Reputation: 4272
This is the text:
https://www.google.com/url?rct=3Dj\u0026sa=3Dt\u0026url=3Dhttps://rivesjournal.com/inside-track-trading-focus-on-shares-of-adobe-systems-inc-adbe/48453/\u0026ct=3Dga\u0026cd=3DCAEYASoTOT
I want to get the actual link:
https://rivesjournal.com/inside-track-trading-focus-on-shares-of-adobe-systems-inc-adbe/48453/
The /=3Dhttps.*\//g
gets including =3D
, but I want to get without it. How can I figure this out?
Here's the regex.
Upvotes: 3
Views: 16230
Reputation: 150
For those using regex with a language that supports a limited subset of features (like CMake) none of the other answers may work. In this case, one option is to just capture the preceeding string (=3D
in the OP's case), and then use a string operation to remove it from the rest of the match after the fact.

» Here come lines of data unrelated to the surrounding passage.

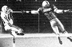 Memphis Southmen 28, Charlotte Hornets 22. memphis, tn.; Flanker Ed Marshall caught two touchdown passes as the Memphis Southmen ended the regular season with a 28-22 win over the Charlotte Hornets before 13,339 fans. Back-up quarterback Danny White completed a seven-yard pass to Marshall in the third quarter and a 27-yarder in the final period. Hornet running back Don Highsmith scored two touchdowns and ran for 124 yards on 22 carries. The loss, the fourth in a row for the Hornets, dropped Charlotte to 10-10. Hornet owner Upton Bell was uncertain about the teams' future and standing in the playoffs, and decided to look for investors for the team instead of taking part in the WFL playoffs. Memphis, ended the WFL season with the best record, 17-3, and would await the winner of the Florida-Philadelphia match up. (Pictured above, Ed Marshall catches a touchdown pass over Hornet Ike Thomas). Fire Forfeits Game to Philadelphia Team owner Origer calls game "meaningless" philadelphia, pa.; The World Football League announced that the Philadelphia Bell had been awarded a win by forfeit over the Chicago Fire. Fire owner Tom Origer announced that his club would not travel to Philadelphia due to the financial problems of his team and the league. Origer, once of the WFL's most optimistic owners, became despondent over the direction of the league under Gary Davidson and a crippling eleven-game losing streak that hit the once 7-2 team. Origer told league officials that he would consider selling the franchise outright, selling 50% of the club or merging the Fire with another team (reportedly Hawaii or Memphis). The Bell prepared for the WFL playoff after they learned the Charlotte Hornets had declined to participate in the post season. WFL Standings:
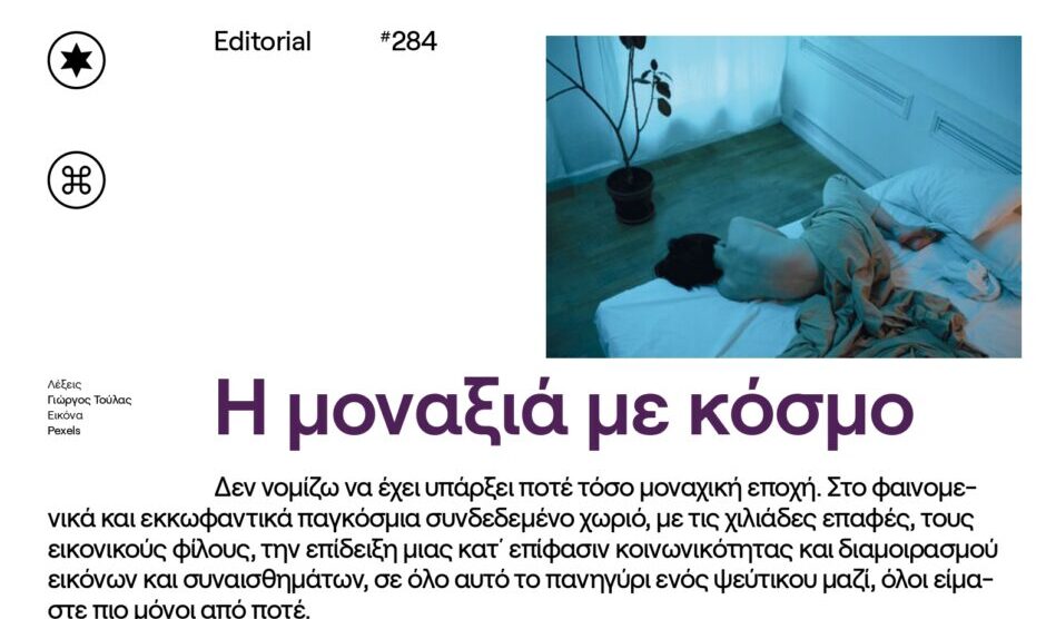 Ο Γιώργος Τούλας γράφει για τη μοναχική εποχή που ζούμε. Μια μοναξιά όμως αλλιώτικη, που δεν είχε ποτέ της γύρω τόσο κόσμο…
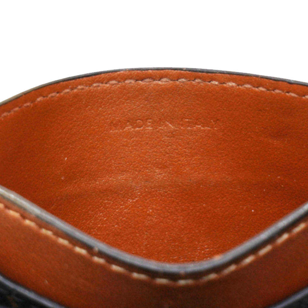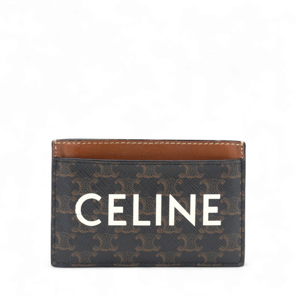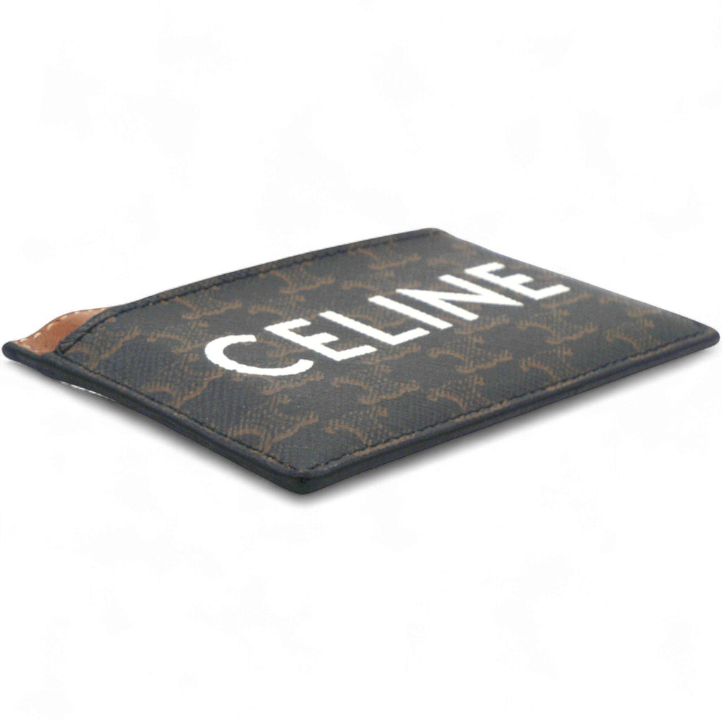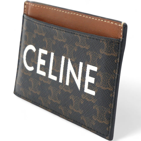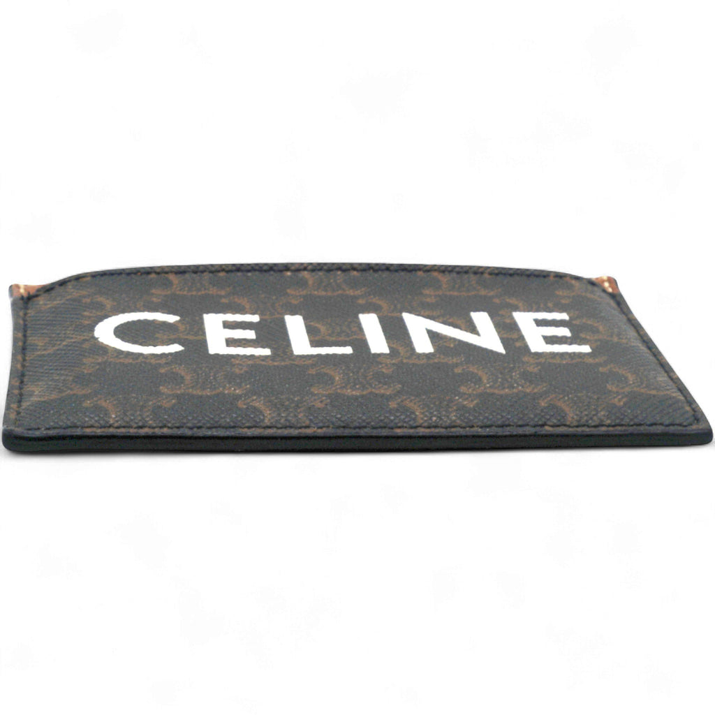 | This chic, compact card holder is crafted of monogram coated canvas with a smooth brown lambskin leather accent and the Celine logo in white. The holder has a card slot on either side of the main compartment. |
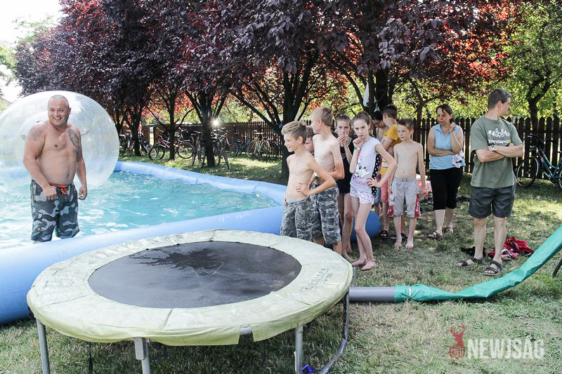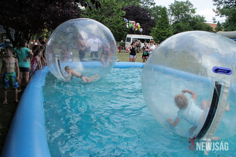 Néhány méterrel odébb óriás légvár és vízen guruló, felfújható labdák kötötték le a gyerekek figyelmét. Az utóbbinál folyamatosan kisebb sor kígyózott, mint kiderült elsősorban azért, mert a néhány perces pancsolás után a lurkók legtöbbször ismét a sor végére lopakodtak.

It's not elegant, but it works.
Upvotes: 0
Reputation: 25
I have never used regex in Javascript, but I have used them extensively in bash, sh, ps and C# and from what I understand this is what you are looking for:
/=3D(http.*\/)\\
https://regex101.com/r/bupG3W/1
And for capturing the group inside the match
var myString = "something format_abc";
var myRegexp = /(?:^|\s)format_(.*?)(?:\s|$)/g;
var match = myRegexp.exec(myString);
console.log(match[1]); // abc
Upvotes: 0
Reputation: 240868
One option is to prevent the first http.*
substring from being matched by using a negative lookahead with a ^
anchor:
(?!^)https:.*\/
This essentially matches https:.*\/
as long as it isn't at the beginning of the string.
Snippet:
var string = 'https://www.google.com/url?rct=3Dj\u0026sa=3Dt\u0026url=3Dhttps://rivesjournal.com/inside-track-trading-focus-on-shares-of-adobe-systems-inc-adbe/48453/\u0026ct=3Dga\u0026cd=3DCAEYASoTOT';
console.log(string.match(/(?!^)https:.*\//)[0]);
However, the expression above won't cover all edge cases therefore the better option would be to just use a capturing group:
=3D(https.*\/)
Snippet:
var string = 'https://www.google.com/url?rct=3Dj\u0026sa=3Dt\u0026url=3Dhttps://rivesjournal.com/inside-track-trading-focus-on-shares-of-adobe-systems-inc-adbe/48453/\u0026ct=3Dga\u0026cd=3DCAEYASoTOT';
console.log(string.match(/=3D(https.*\/)/)[1]);
You can also use a negated character class, such as [^\\]+
in order to match one or more non-\
characters:
=3D(https[^\\]+)
Upvotes: 2
Reputation: 11116
make =3D as a positive lookbehind
(?<==3D)https.*\/
demo here : https://regex101.com/r/sHvRMA/2
update:
for javascript specific code, use capture groups
var str = 'https://www.google.com/url?rct=3Dj\u0026sa=3Dt\u0026url=3Dhttps://rivesjournal.com/inside-track-trading-focus-on-shares-of-adobe-systems-inc-adbe/48453/\u0026ct=3Dga\u0026cd=3DCAEYASoTOT';
var reg = /=3D(https.*\/)/;
console.log(str.match(reg)[1]);
Upvotes: 1